----- Data
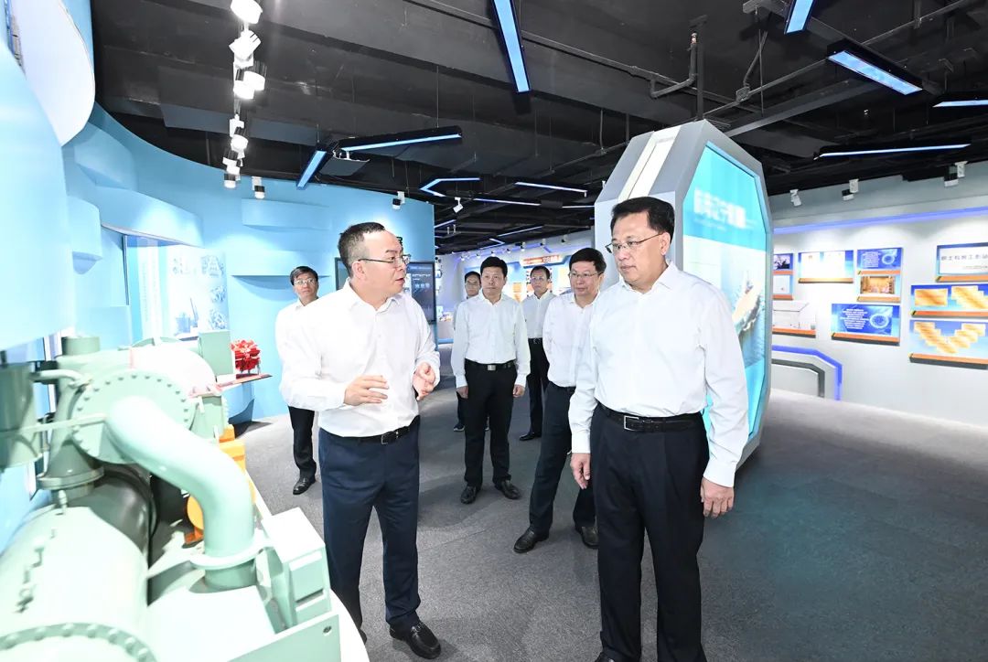 ▲7月2日上午,在重庆机电集团,市委书记袁家军,市委副书记、市长胡衡华听取集团改革进展汇报,观看产品展示。
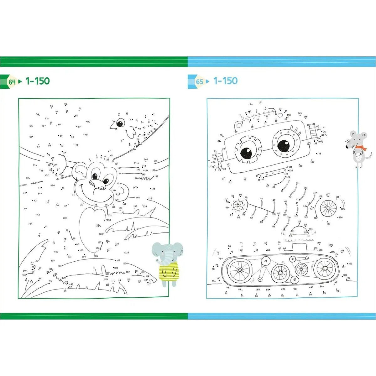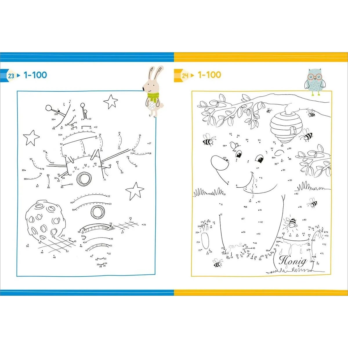 Welches Bild wird da wohl entstehen? Die Zahlen und Buchstaben zeigen den Stiften den richtigen Weg zum vollständigen Kunstwerk. Mit tollen „Punkt zu Punkt“-Rätseln in verschiedenen Schwierigkeitsstufen können Kinder spielerisch die Zahlen und Buchstaben lernen und hübsche Bilder entstehen lassen. Die fertiggestellten Bilder können abschließend natürlich noch kreativ ausgemalt werden. Doppelte Unterhaltung zum kleinen Preis!
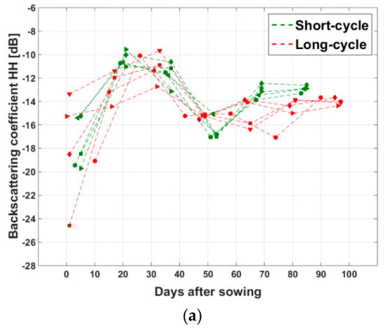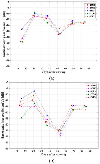 It is interesting to note that the temporal variation of HH/VV follows well the plant growth, similarly to optical indicator such as Normalized Difference Vegetation Index (NDVI), confirming previous findings [,,]. This is because the ratio reduces the effect of ground surface in the backscatter, maximizing the sensitivity to plant growth.
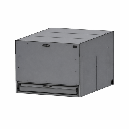 Eco Line Aluminum Storage Box, 31″ W x 30″ L x 13″ H, Three Drawers and Internal Compartments, Driver Side Open Compartment.
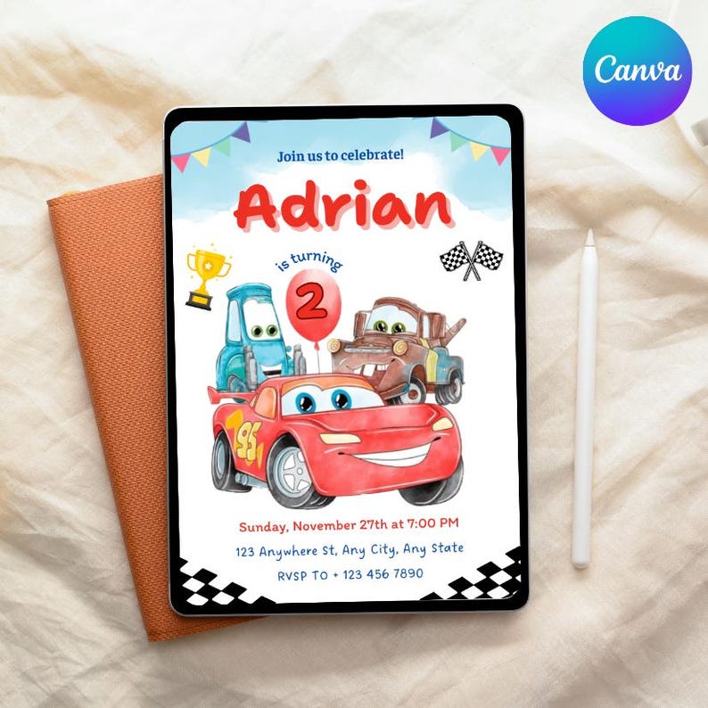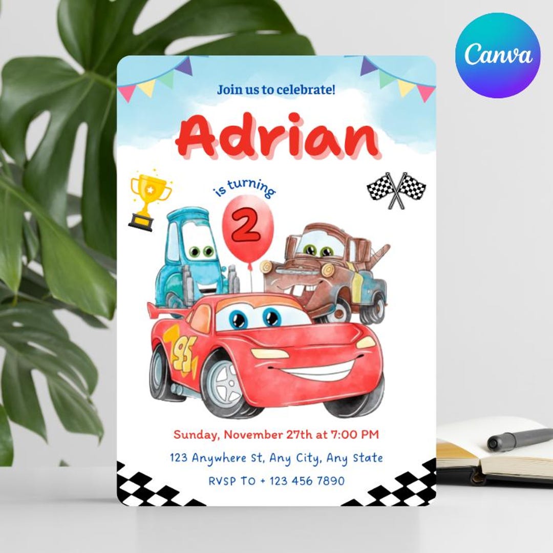 Editable Disney Cars Birthday Card Lightning Mcqueen Party Template
----------
:: Assigned task ::
Nothing but an exact repeat of the records, pictures excluded, belongs in the answer.

:: Response box ::
 ▲7月2日上午,在重庆机电集团,市委书记袁家军,市委副书记、市长胡衡华听取集团改革进展汇报,观看产品展示。
 Welches Bild wird da wohl entstehen? Die Zahlen und Buchstaben zeigen den Stiften den richtigen Weg zum vollständigen Kunstwerk. Mit tollen „Punkt zu Punkt“-Rätseln in verschiedenen Schwierigkeitsstufen können Kinder spielerisch die Zahlen und Buchstaben lernen und hübsche Bilder entstehen lassen. Die fertiggestellten Bilder können abschließend natürlich noch kreativ ausgemalt werden. Doppelte Unterhaltung zum kleinen Preis!
 It is interesting to note that the temporal variation of HH/VV follows well the plant growth, similarly to optical indicator such as Normalized Difference Vegetation Index (NDVI), confirming previous findings [,,]. This is because the ratio reduces the effect of ground surface in the backscatter, maximizing the sensitivity to plant growth.
 Eco Line Aluminum Storage Box, 31″ W x 30″ L x 13″ H, Three Drawers and Internal Compartments, Driver Side Open Compartment.
 Editable Disney Cars Birthday Card Lightning Mcqueen Party Template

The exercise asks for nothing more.